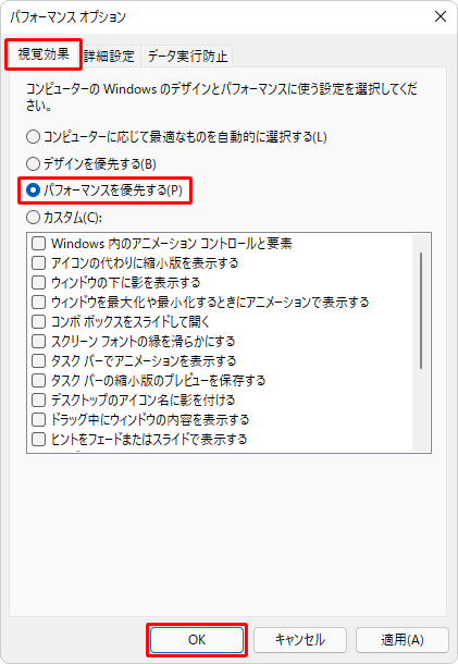 3. 「視覚効果」タブをクリックし、「パフォーマンスを優先する」を選び、「OK」→「OK」をクリックします。
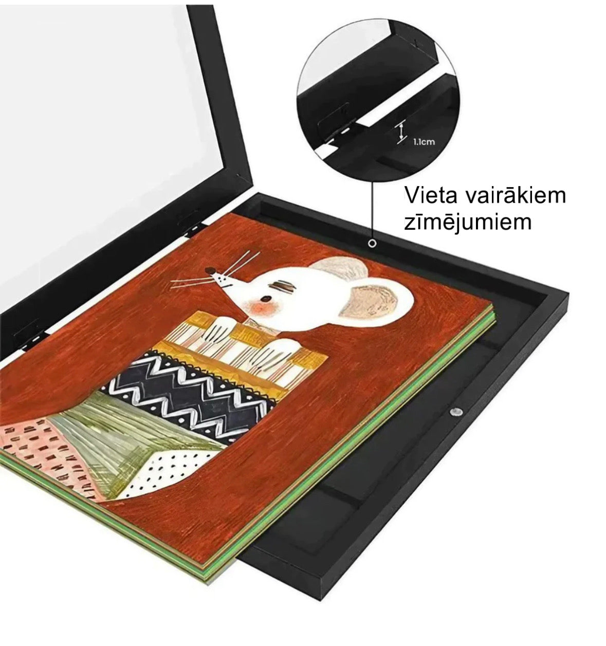 Tai idealus pasirinkimas tėvams, norintiems eksponuoti savo vaiko meno kūrinius neužimant daug erdvės. Tai gali padidinti jų savivertę ir paskatinti toliau tyrinėti savo meninius gebėjimus. Be to, jį galima kabinti tiek vertikaliai, tiek horizontaliai, todėl suteikiama daugiau galimybių eksponuoti unikalų meną!
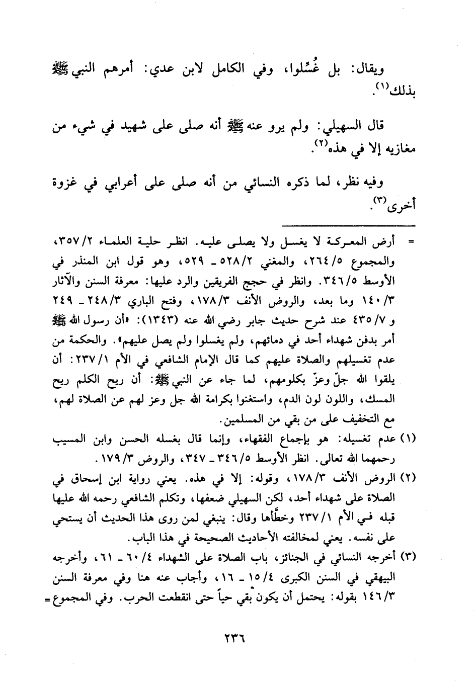 (¬2) الروض الأنف 3/ 178، وقوله: إلا في هذه. يعني رواية ابن إسحاق في الصلاة على شهداء أحد، لكن السهيلي ضعفها، وتكلم الشافعي رحمه الله عليها قبله في الأم 1/ 237 وخطّأها وقال: ينبغي لمن روى هذا الحديث أن يستحي على نفسه. يعني لمخالفته الأحاديث الصحيحة في هذا الباب.
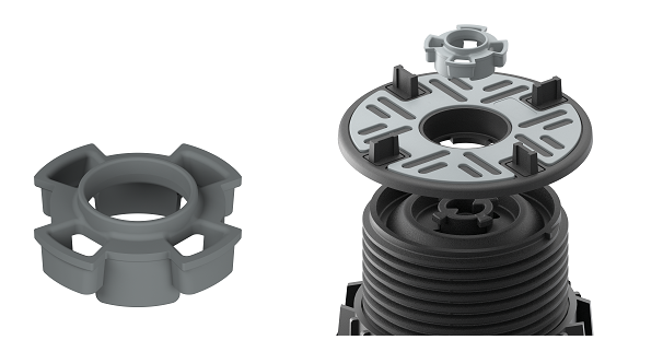 Impertek Pedestal Line: supporto MegaMart S per pavimentazioni flottanti Realizzazione di pavimentazione sopraelevata mista esterna
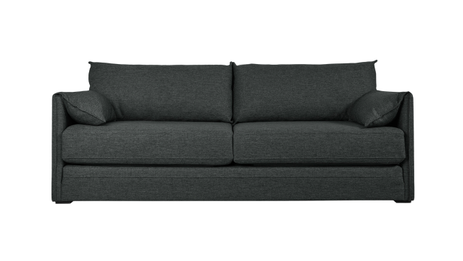The Japanese word "neru" means "to sleep or lie down”. Our Neru Sofabed was designed with this in mind - prioritizing both comfort and style to create a sofa that has you covered 24/7. During the day, feather-filled back cushions and integrated bolsters create a cozy place for power naps or lounging. At night, a simple, origami-like fold-out function reveals a queen-size bed to welcome overnight guests. French-seam detailing on the slender arms adds elegance and style.
-------------------------
Write out the data word for word, with every picture dropped.

 3. 「視覚効果」タブをクリックし、「パフォーマンスを優先する」を選び、「OK」→「OK」をクリックします。
 Tai idealus pasirinkimas tėvams, norintiems eksponuoti savo vaiko meno kūrinius neužimant daug erdvės. Tai gali padidinti jų savivertę ir paskatinti toliau tyrinėti savo meninius gebėjimus. Be to, jį galima kabinti tiek vertikaliai, tiek horizontaliai, todėl suteikiama daugiau galimybių eksponuoti unikalų meną!
 (¬2) الروض الأنف 3/ 178، وقوله: إلا في هذه. يعني رواية ابن إسحاق في الصلاة على شهداء أحد، لكن السهيلي ضعفها، وتكلم الشافعي رحمه الله عليها قبله في الأم 1/ 237 وخطّأها وقال: ينبغي لمن روى هذا الحديث أن يستحي على نفسه. يعني لمخالفته الأحاديث الصحيحة في هذا الباب.
 Impertek Pedestal Line: supporto MegaMart S per pavimentazioni flottanti Realizzazione di pavimentazione sopraelevata mista esterna
The Japanese word "neru" means "to sleep or lie down”. Our Neru Sofabed was designed with this in mind - prioritizing both comfort and style to create a sofa that has you covered 24/7. During the day, feather-filled back cushions and integrated bolsters create a cozy place for power naps or lounging. At night, a simple, origami-like fold-out function reveals a queen-size bed to welcome overnight guests. French-seam detailing on the slender arms adds elegance and style.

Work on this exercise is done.